** Extracted material follows **

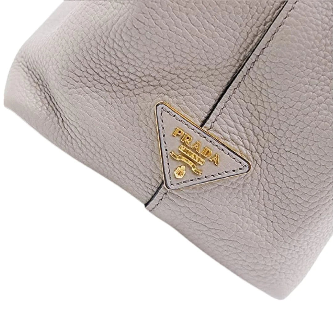 Prada GREY VITELLO PHOENIX LEATHER LOGO HOBO TOTE BAG
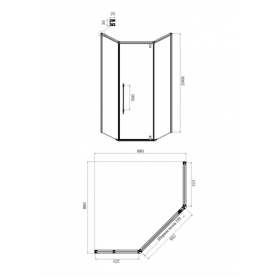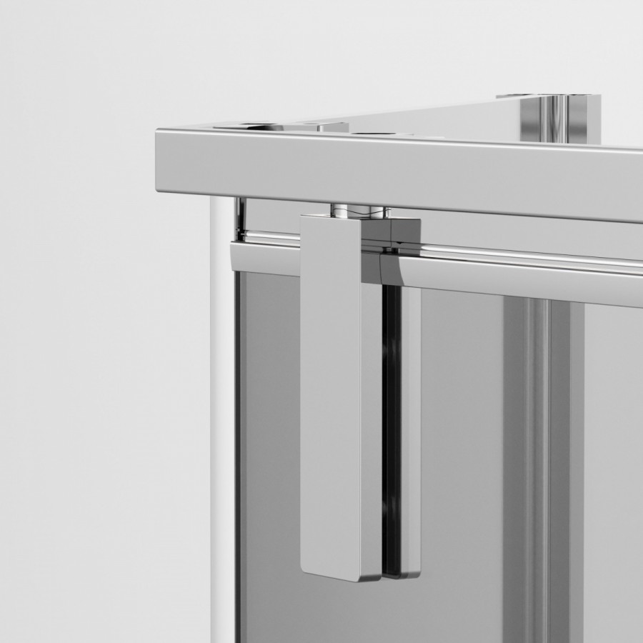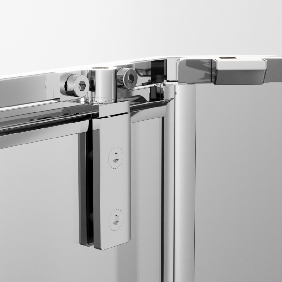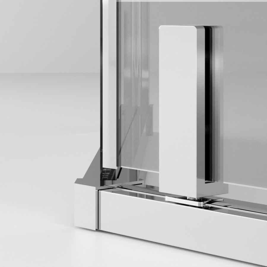 Вертикальные профили, кронштейны для стабилизации ограждений, латунные ручки, планка порога, внутренние и наружные части петель изготовлены в отделке SlimChrome+, придающей максимальную утонченность и блеск для сочетания со смесителем и душем.
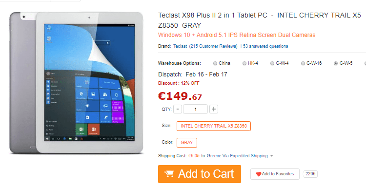 Το Teclast X98 Plus II 2 in 1 μπορούμε να το αγοράσουμε από εδώ. Tο Retina tablet θα διατίθεται στη τιμή των €149.67 με απευθείας αποστολή από τις Ευρωπαϊκές αποθήκες του Gearbest, που σημαίνει ότι δεν υπάρχουν τελωνειακοί δασμοί.
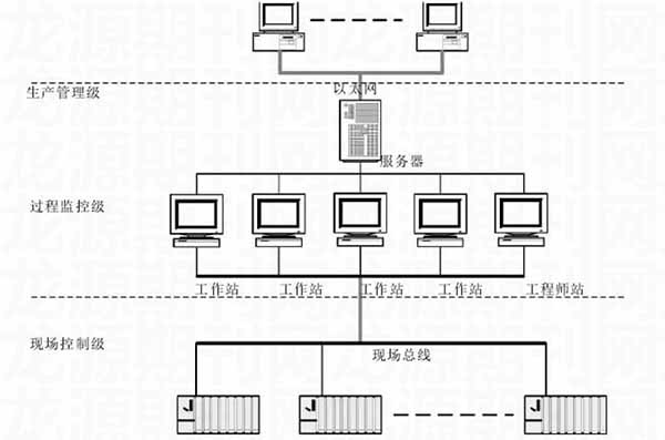 針對(duì)鎢礦選廠生產(chǎn)的實(shí)際需求,這里應(yīng)用相應(yīng)的自動(dòng)化技術(shù),對(duì)自動(dòng)化監(jiān)控系統(tǒng)進(jìn)行了設(shè)計(jì)。在系統(tǒng)設(shè)計(jì)中,遵循“方案合理、技術(shù)先進(jìn)、運(yùn)行可靠、操作方便”的原則,系統(tǒng)整體采用集散控制系統(tǒng),基于現(xiàn)場(chǎng)總線通訊,其整體網(wǎng)絡(luò)構(gòu)架如下:
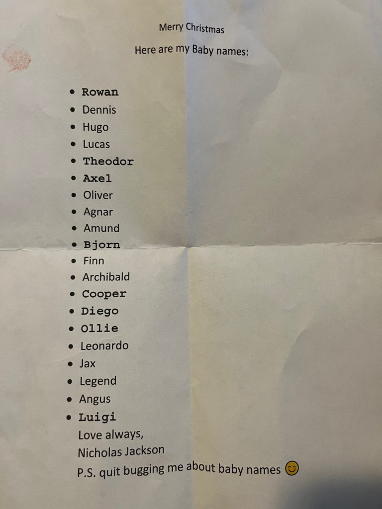 I knew he had texted my sister asking about family names, so I was curious which of those family names would make it to his list.
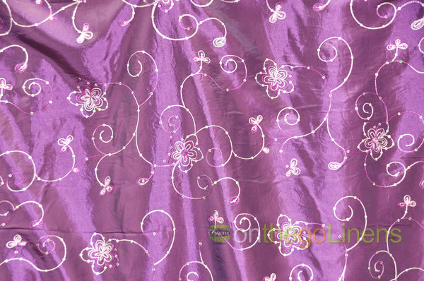 Aurora Taffeta is a flowered embroidery on a taffeta, boasting a two tone background and multicolor, sequin accents. It is highly versatile, commonly used in the event industry for tablecloths and linens, as well as in costumes and apparel for stylish tops and eye-catching accents.
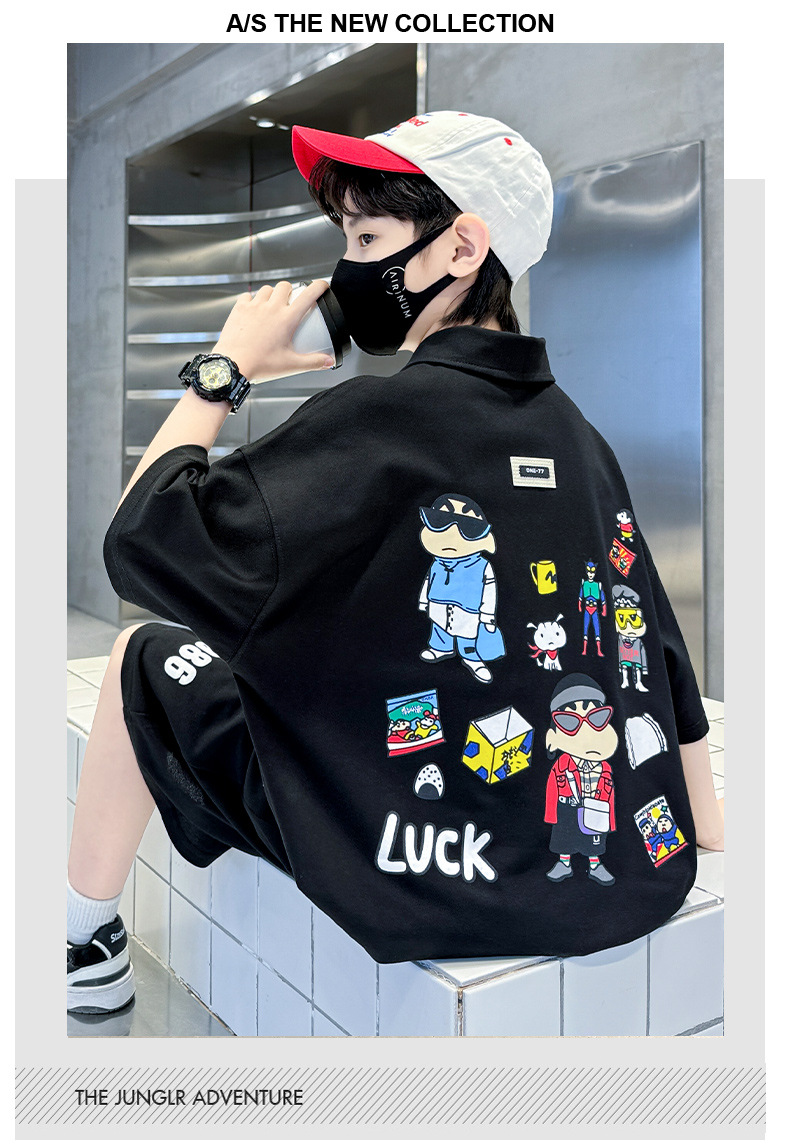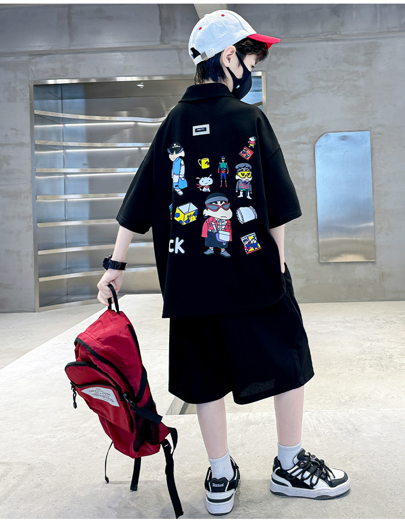 男童夏季套装2024新款儿童男孩夏装卡通印花POLO衫夏款短袖运动服
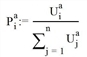 2. Le pourcentage de la demande de déplacements Pia est calculé à partir de cette utilité Uia (où n représente le nombre total d’itinéraires).
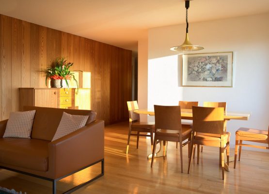 1 sitting room with twin beds or 1 queen-bed, 1 bath/WC, kitchenette with a table for 2 pers., TV and south facing balcony with a view of the Alps.
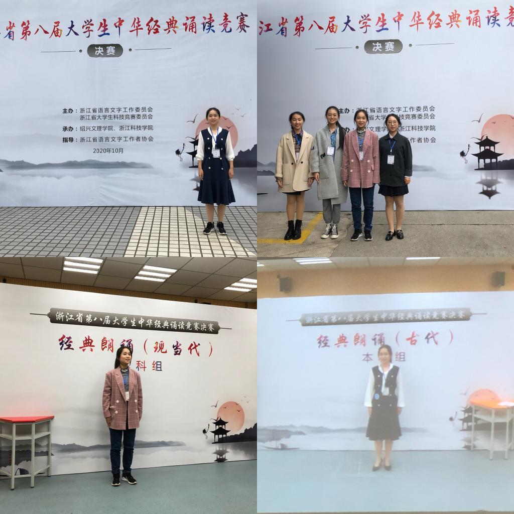 10 月17日- 18日,“浙江省第八届大学生中华经典诵读竞赛”在绍兴文理学院举行。本届竞赛由浙江省大学生科技竞赛委员会主办、绍兴文理学院承办,赛事项目分“回答问题”、“中华经典朗诵”和“即兴演讲”三个环节。大赛历时1天半时间,经过激烈角逐,最终,我校四位参赛选手脱颖而出,分别荣获一等奖(3项)、二等奖(1项)的优异成绩。特别,18porn
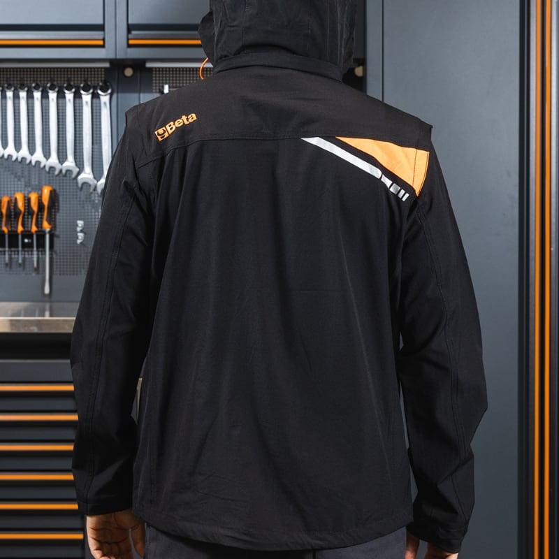 Composizione:? Tessuto: 86% nylon, 14% spandex, 140 g ? resistente all'acqua, antivento, traspirante e a rapida asciugatura Design:? Cappuccio a scomparsa, foderato, con regolatori a coulisse ? Maniche staccabili ? Chiusura frontale con zip ? Una tasca al petto con chiusura zip ? Due tasche in vita con chiusura zip ? Una tasca interna ? Vita regolabile con coulisse ? Polsini elasticizzati Colore:nero Taglie:XS, S, M, L , XL, XXL, XXXL
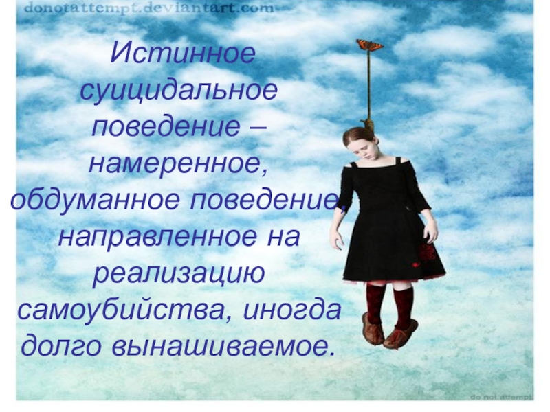 Слайд 157 Истинное суицидальное поведение – намеренное, обдуманное поведение, направленное на реализацию
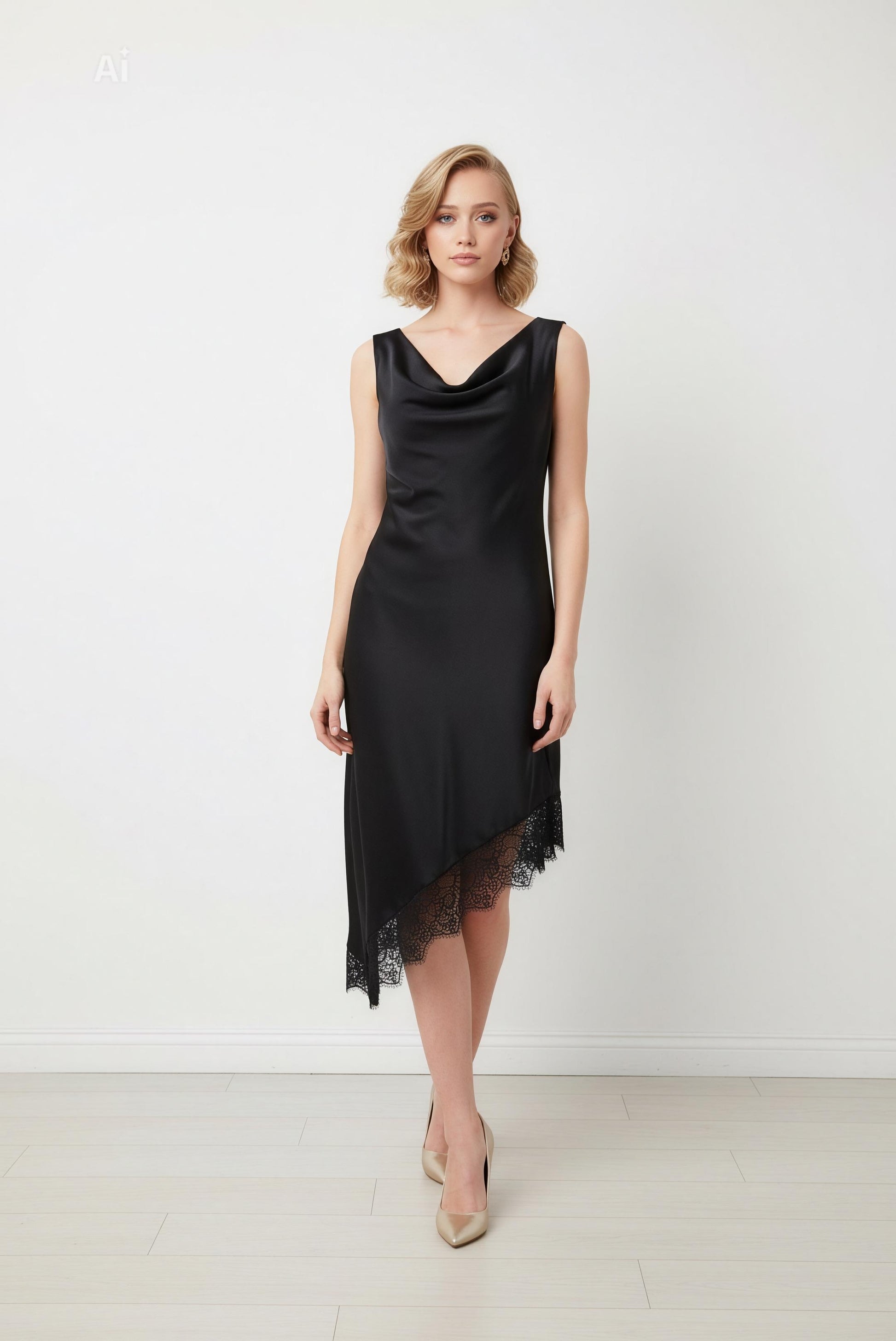 Елегантна черна рокля със сатенен блясък и изящно падащо деколте, което подчертава силуета с фина женственост. Асиметричният подгъв с деликатна дантела добавя бутиков акцент и превръща модела в стилен избор за специални поводи.
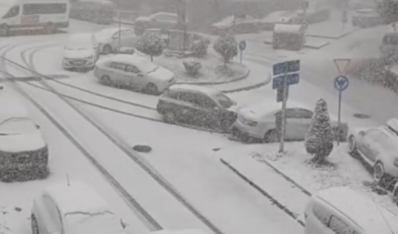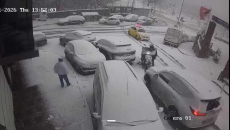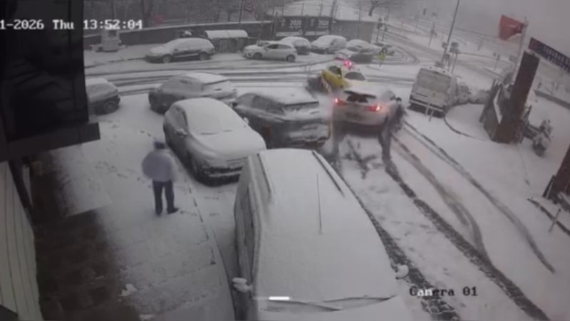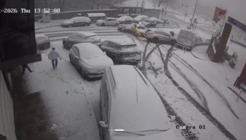 Kağıthane'de karlı yolda aracıyla yokuştan inen bir sürücü kaymaya başladı. Sürücünün direksiyon hakimiyetini kaybettiği araç, çarptığı motokuryeyi sürükledikten sonra 5 araca daha çarparak durabildi. Olay anı güvenlik kamerasına yansıdı.
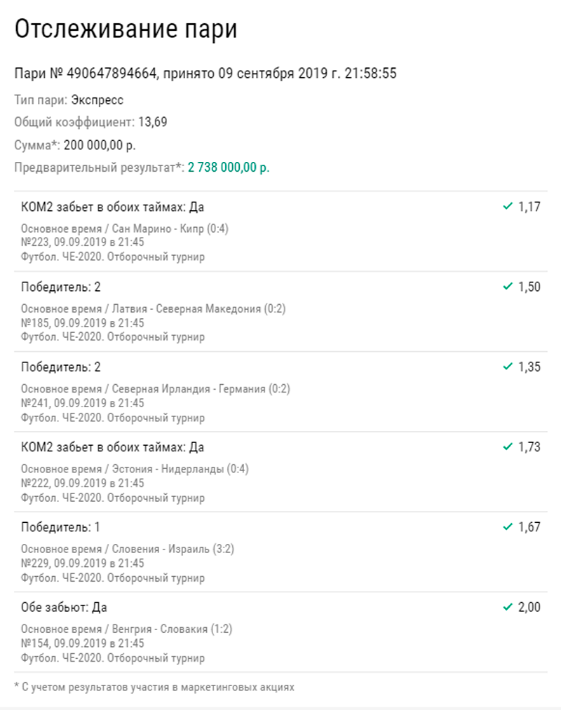 В большинстве событий игрок выбрал ставки на победителя, а также поставил на «обе забьют» и на то, что команда забьет в обоих таймах. Самый низкий коэффициент составил 1,17 (матч Сан Марино — Кипр), а самый высокий — 2,0 (матч Венгрия — Словакия). Суммарный коэффициент экспресса составил 13,69.
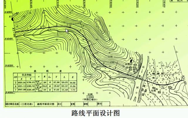 平面線形設(shè)計整體上盡可能順直,選擇曲線半徑盡可能大些,應(yīng)與自然地形等高線相適應(yīng)為宜。
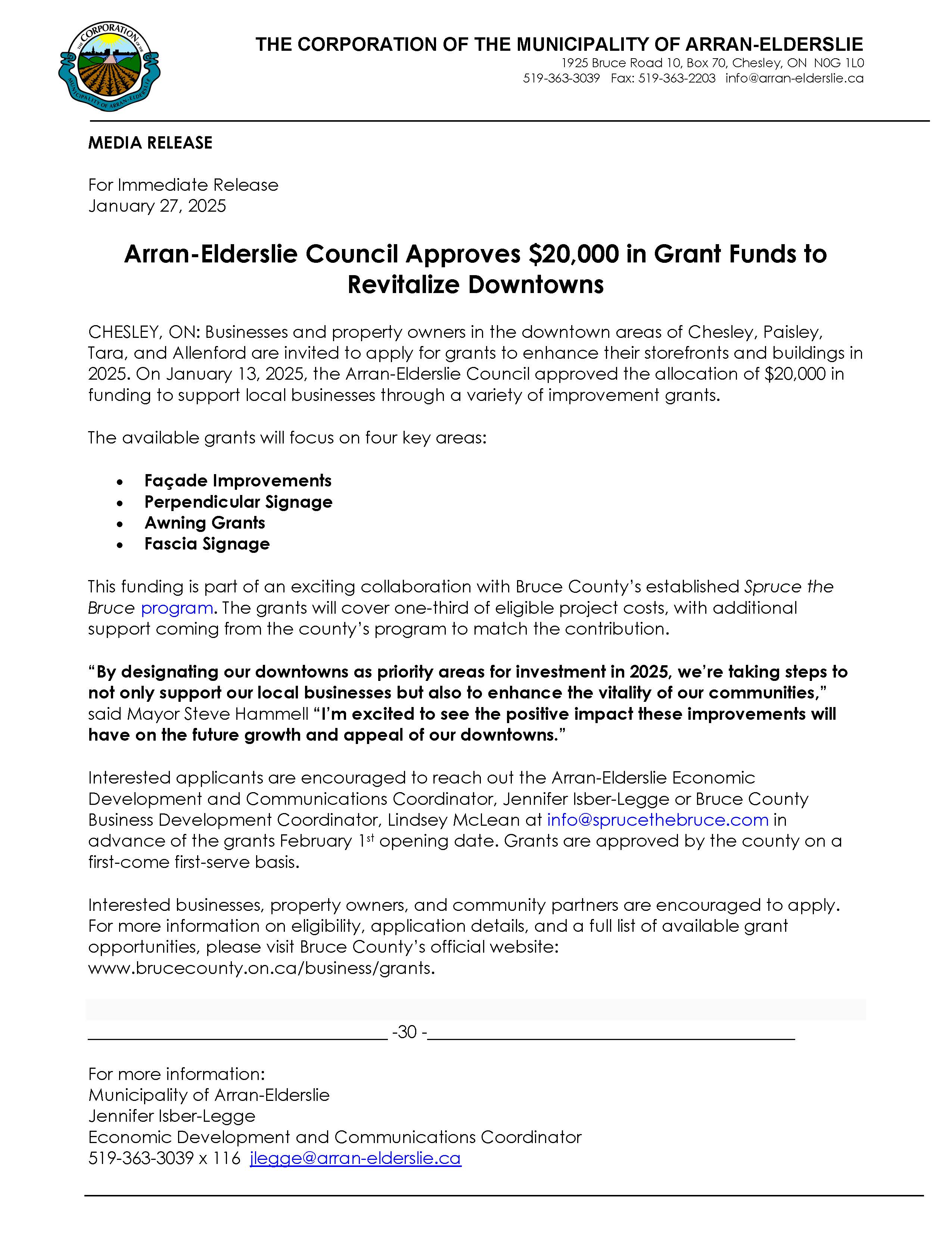 Arran-Elderslie Council Approves $20,000 in Grant Funds to Revitalize Downtowns
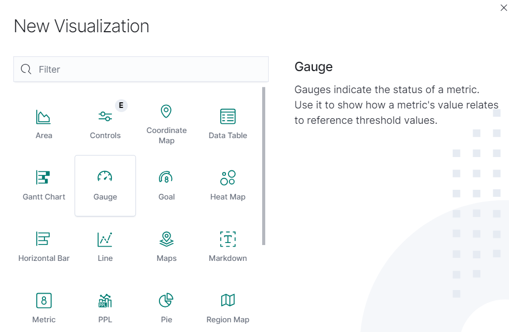 create new > 대시보드 생성화면에서 시각화 메뉴 중 게이지로 진행해보겠습니다.
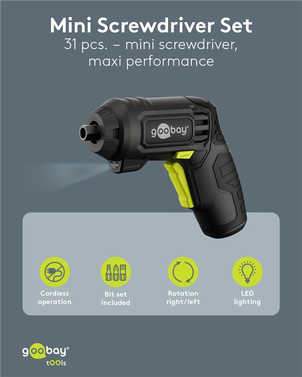Mini wkrętarka akumulatorowa, zestaw 31-częściowy
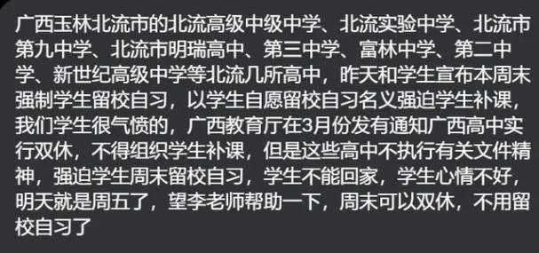 广西教育厅此前已明确规定,全区普通高中须全面落实双休日制度,不得组织任何形式的周末补课或强制性留校行为。然而,这一文件在北流多所学校形同虚设,严重违背政策精神。
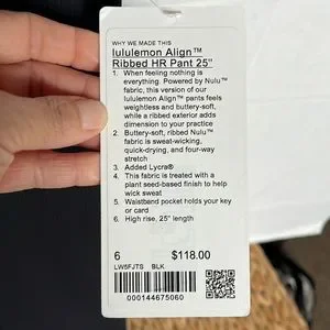 Lululemon Leggings Align Ribbed HR Pant 25” Black Size 6 BLK NEW
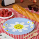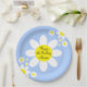Plato De Papel Floral blanca y azul claro lindo quinto cumpleaños

** End of Extracted material **

Task to carry out - Could you write out exactly the lines of the data above that run from the one holding "平面線形設(shè)計整體上" to the one holding "广西教育厅此前已明确规定,全", with both ends in and all pictures out?

Exercise result -
 平面線形設(shè)計整體上盡可能順直,選擇曲線半徑盡可能大些,應(yīng)與自然地形等高線相適應(yīng)為宜。
 Arran-Elderslie Council Approves $20,000 in Grant Funds to Revitalize Downtowns
 create new > 대시보드 생성화면에서 시각화 메뉴 중 게이지로 진행해보겠습니다.
Mini wkrętarka akumulatorowa, zestaw 31-częściowy
 广西教育厅此前已明确规定,全区普通高中须全面落实双休日制度,不得组织任何形式的周末补课或强制性留校行为。然而,这一文件在北流多所学校形同虚设,严重违背政策精神。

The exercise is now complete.